時間的快速,在下虛界內的若舞並未察覺,而在這段時間里,上界宇內,魔宇與靈宇爆發了一波又一波的沖突,隨著上古神物消息的傳來,各方勢力在探尋與沖撞下,各有損失。
若舞再次踏出下虛界,邊界之處,卻好死不死地,遇到了妖曳暗門,而行色匆匆的一行人,在看到清麗窈窕的身影,「少夫人。」
置若罔聞的若舞,此刻懶得去理會,然而,一向對自己恭敬萬分的妖曳暗門,此刻為首的管事,倒是急急地攔下了自己的去路。
「少夫人,請留步。」
若舞看著一臉急切的男子,不悅的神色,在眼波里流轉。
一股氣旋就這樣掃開了攔路的男子,孤冷的話語,在薄唇中吐出「下次亂叫,本姑娘可就不客氣了。」
咬了咬牙,管事男子只能低頭的「余小姐請留步,我家少主受傷,您可否前往醫治?」
踏出幾步的余若舞,此刻才微微駐足,妖曳元天受傷!
以妖曳元天的能力,只怕能傷的了他的人,也是不簡單,思及妖曳元天靈力在自己之上,若舞好心地,對著男子冷冷一句「我可以隨你去,至于能不能救,我不確定。」
盤算著自己想法的若舞,這落落大方的首肯,令原本以為沒有希望的管事,眼里燃起了希望之光。

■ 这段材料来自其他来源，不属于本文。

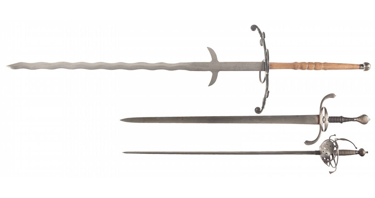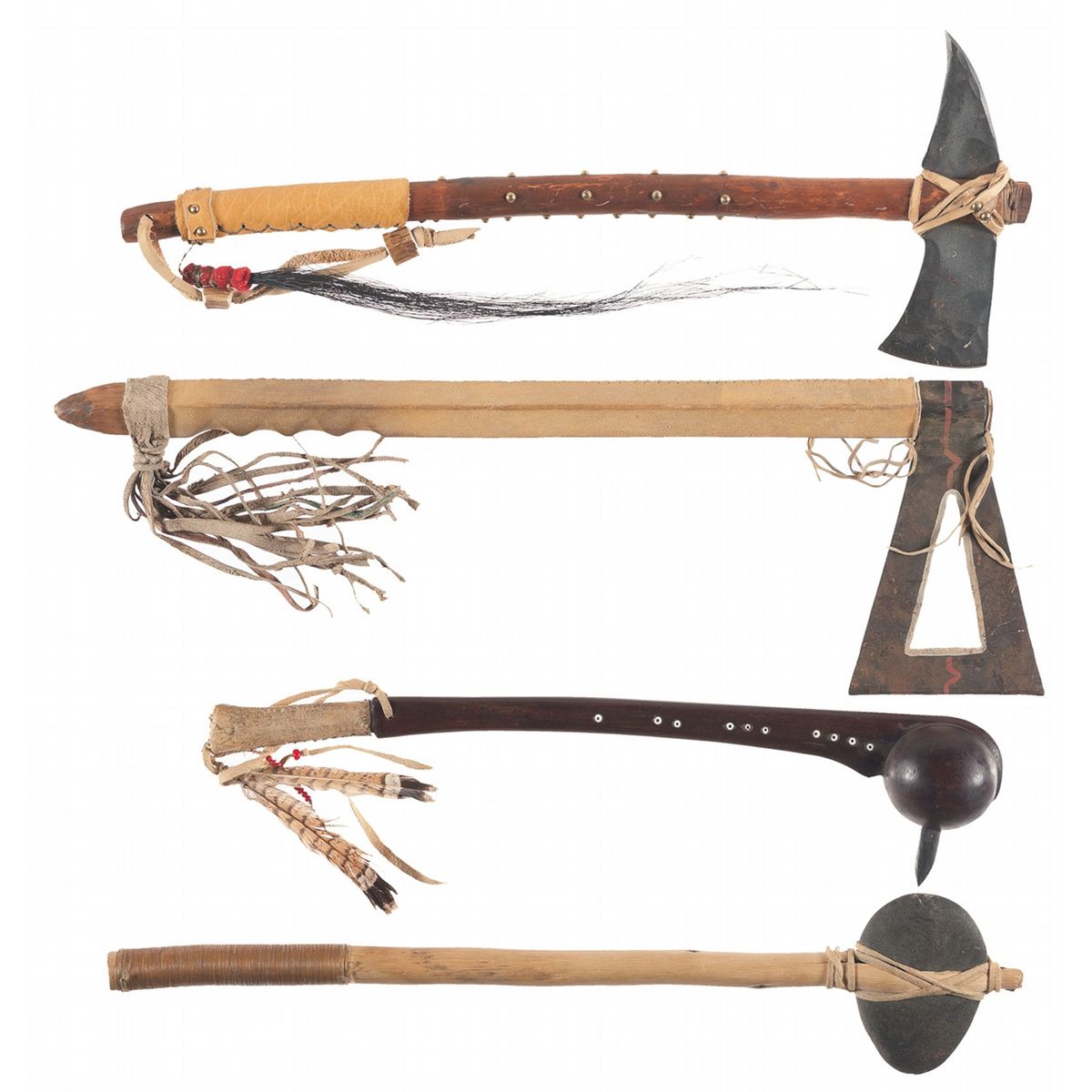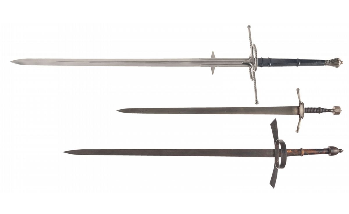 1) Reproduction Tomahawk, 2) Reproduction Tomahawk, 3) Reproduction spiked war club, 4) Reproduction stone war club, 5) Zweihander, 6) Long sword, 7) German style rapier, 8) Zweihander, 9) Long sword and 10) Great sword. All good or better.

若舞步入妖曳暗門,便看到妖曳元天毫無血色的臉,原本勾著的邪魅笑容,此刻蕩然無存,而體內的凌亂靈力,不停沖擊著筋脈。「只是什麼情況,他的傷勢,究竟是什麼造成的?」若舞看著似乎不見傷口的妖曳元天,心里一陣的狐疑。
「少主只說是被靈力所傷,無法聚集靈力,修復不了筋脈。」
盯著要死不活的妖曳元天,若舞思及之前妖曳的相助,也罷,就一株而已,心疼萬分地,若舞這才不情不願地抵上妖曳元天的手掌,靈力探尋著,渾身的筋脈,基本都被損裂開來,而四處亂竄的靈力,也為這傷痕累累的筋脈帶來了更多的沖擊。
緊張的一伙人,看著若舞緊鎖的眉頭,萬分的擔憂。而若舞,緊鎖的眉頭卻不是因為不能醫治,而是因為,難得的三株五彩冰蓮,就要這樣浪費一株來就妖曳元天,心疼得很。

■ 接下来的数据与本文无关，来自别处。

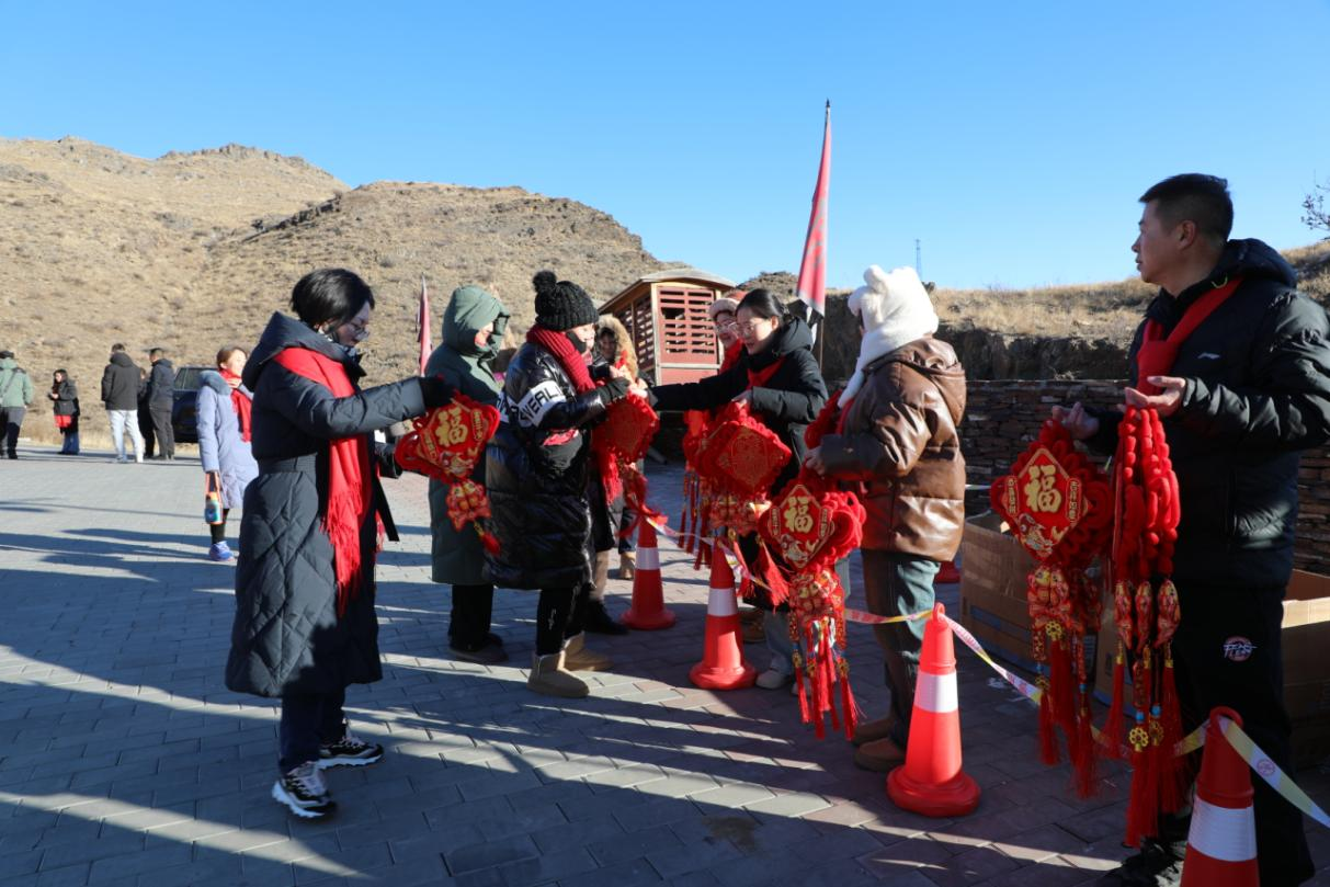 此次登高活动沿秦长城北门进行,全程约6公里,沿途设2个打卡点,每个打卡点都有工作人员为大家发放寓意着幸福吉祥的中国结和“福”字挂件,每个人的脸上都洋溢着幸福温暖的微笑。

誤打誤撞得到的五彩冰蓮,並無法去窺探下一次出現的地方,每一百年才出現一次,生長地方不定,環境氣候也不定的五彩冰蓮,最大的功效,除了提升靈力,還有著無所不能的治愈的功效,不需要靈力的牽引,也不需要其他藥物的輔助,帶著靈性的冰蓮,會修復這服下之人的一切損傷,還有將濃郁的靈力聚攏升華。
余若舞的內心,天人交戰,這五彩冰蓮,自己可是留著救命的,這下子,就要給這個人用了,真的不甘心。

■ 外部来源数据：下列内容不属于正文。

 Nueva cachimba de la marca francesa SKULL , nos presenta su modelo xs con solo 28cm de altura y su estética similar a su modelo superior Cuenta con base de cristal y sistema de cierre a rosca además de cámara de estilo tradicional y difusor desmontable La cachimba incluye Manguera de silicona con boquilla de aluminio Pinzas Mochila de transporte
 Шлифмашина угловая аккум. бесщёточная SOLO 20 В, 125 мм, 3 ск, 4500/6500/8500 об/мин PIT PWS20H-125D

錯綜復雜的表情,若舞微微嘆氣,看著一邊緊張兮兮看著自己的人,便氣不打一處來。
「看什麼哦,還不出去。」
望著眾人離去,若舞這才小心謹慎地將被提取出來的彩冰蓮取了一株的藥水,慢慢地滴入了妖曳元天的口里。而余若舞臉上的不甘心和糾結,此刻倒是精彩萬分。
五彩冰蓮很快地,將亂散的靈力穩定了下來,而撕裂的筋脈,也在漸漸的修復,看著少主的情況穩定下來,管事的也不由得送了一口氣。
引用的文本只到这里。